Company shared files
A workspace file area shared with permitted team members. It should be separated by workspace and controlled through roles and permissions.
Backup
A protected copy of data used for recovery after mistakes, outages, corruption, or incidents.
Restore
Recovering data, files, settings, or service state from a backup, waste bin, version history, or other recovery path.
Monitoring
Observing service health, errors, performance, security signals, provider failures, queues, and important operational events.
Uptime
The amount of time a service is available and operating as expected.
Service level
A defined support, uptime, response, or operational commitment, usually set in a paid agreement.
Subscription
The commercial plan or agreement that controls paid access, limits, support, billing, and service scope.
Billing reference
Information used to connect workspace usage or commercial agreements to invoices, plans, payments, or customer records.
Customer agreement
A signed or accepted agreement between Atom9 and a customer that can define service scope, responsibilities, billing, support, security, data processing, or special terms.
Order form
A customer-specific commercial document that defines purchased services, plan, scope, price, term, limits, or special service details.
Security addendum
A customer-specific security document that can define stronger controls, support expectations, reporting, evidence, testing, or operational commitments.
Signed document
A document accepted or signed by the relevant parties.

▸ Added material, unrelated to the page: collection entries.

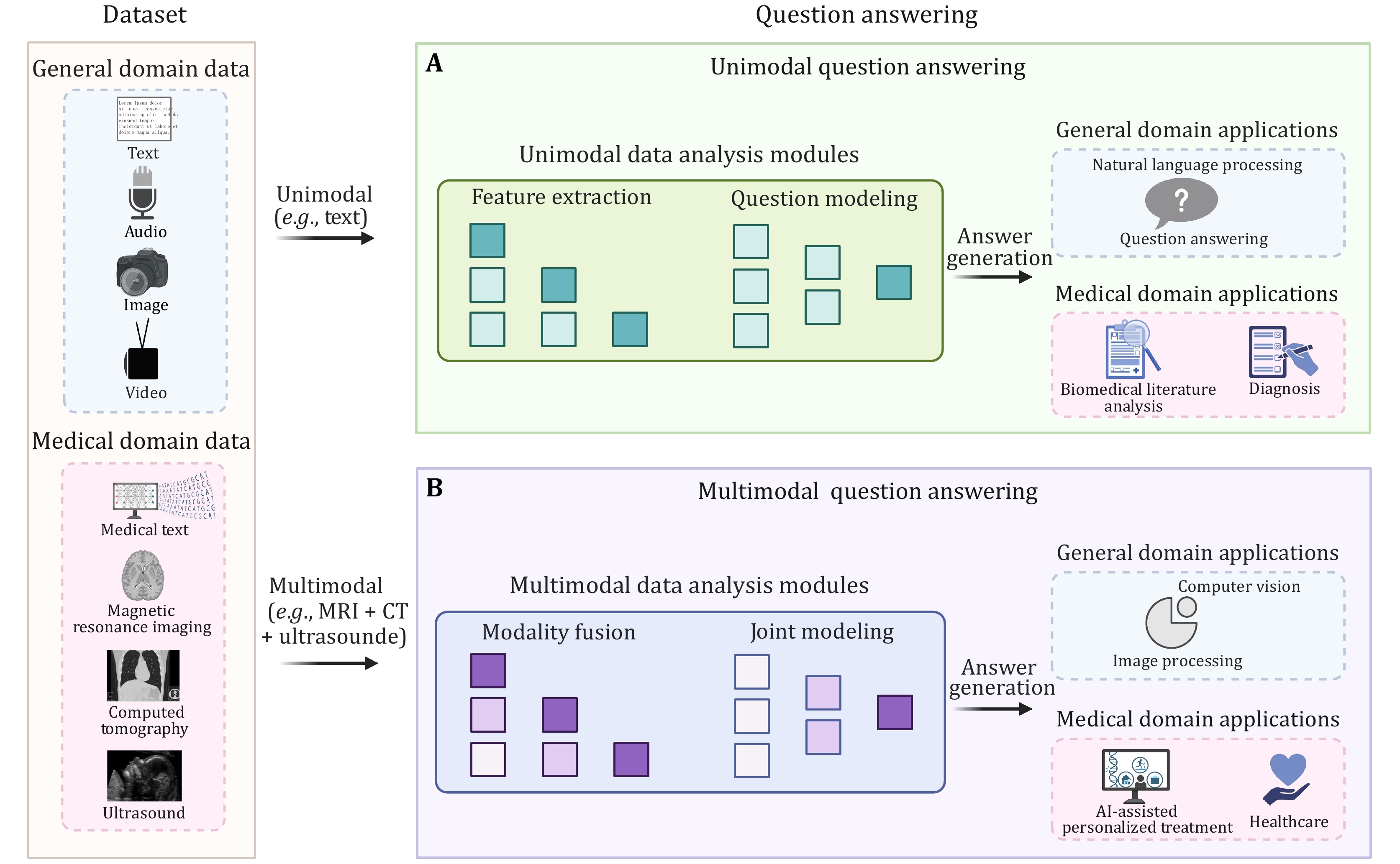 ChatGPT explores a strategic blueprint of question answering (QA) to deliver medical diagnoses, treatment recommendations, and other healthcare support. This is achieved through the increasing incorporation of medical domain data via natural language processing (NLP) and multimodal paradigms. By transitioning the distribution of text, images, videos, and other modalities from the general domain to the medical domain, these techniques have accelerated the progress of medical domain question answering (MDQA). They bridge the gap between human natural language and sophisticated medical domain knowledge or expert-provided manual annotations, handling large-scale, diverse, unbalanced, or even unlabeled data analysis scenarios in medical contexts. Central to our focus is the utilization of language models and multimodal paradigms for medical question answering, aiming to guide the research community in selecting appropriate mechanisms for their specific medical research requirements. Specialized tasks such as unimodal-related question answering, reading comprehension, reasoning, diagnosis, relation extraction, probability modeling, and others, as well as multimodal-related tasks like vision question answering, image captioning, cross-modal retrieval, report summarization, and generation, are discussed in detail. Each section delves into the intricate specifics of the respective method under consideration. This paper highlights the structures and advancements of medical domain explorations against general domain methods, emphasizing their applications across different tasks and datasets. It also outlines current challenges and opportunities for future medical domain research, paving the way for continued innovation and application in this rapidly evolving field. This comprehensive review serves not only as an academic resource but also delineates the course for future probes and utilization in the field of medical question answering.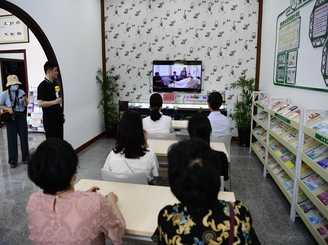 潘祖光副会长观看乐清市皖江红计划生育家庭发展中心纪实主题片。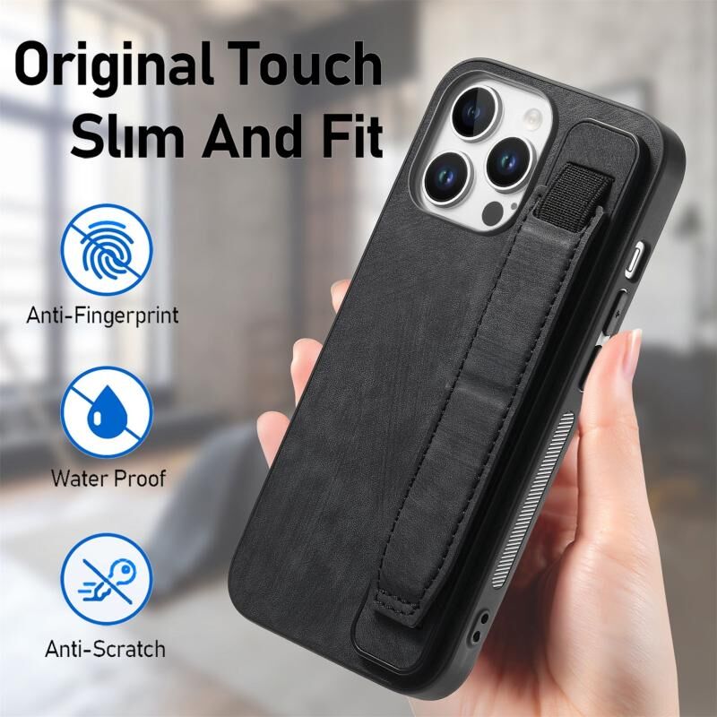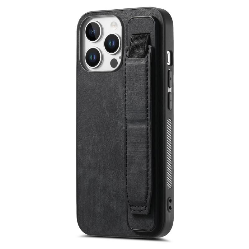 Για iPhone 16 Pro Retro Wristband Holder δέρμα πίσω θήκη τηλεφώνου (Μαύρο)

Signed customer documents can override public pages when they are stricter or more specific.
Production customer
A customer using Atom9 or a customer app for real users or live operations, not only demos, internal tests, or temporary experiments.
Support channel
The approved way to ask for help, report an issue, request a data action, or raise a security concern.
Export
A produced copy of selected data or records for a user, customer, audit, rights request, migration, or operational handoff.
Incident response
The process for detecting, triaging, containing, investigating, fixing, documenting, and communicating a security, privacy, AI, or availability incident.
Provider boundary
The line between what Atom9 controls directly and what an external provider controls. Good provider boundaries make responsibilities, access, location, and security duties clear.
Data export
An export focused on data records, often for GDPR rights, customer migration, audit, compliance review, or backup-like handoff.
Deletion request
A user, customer, or legal request to delete data. Atom9 must verify authority, identify the correct data, apply retention exceptions, and preserve required evidence.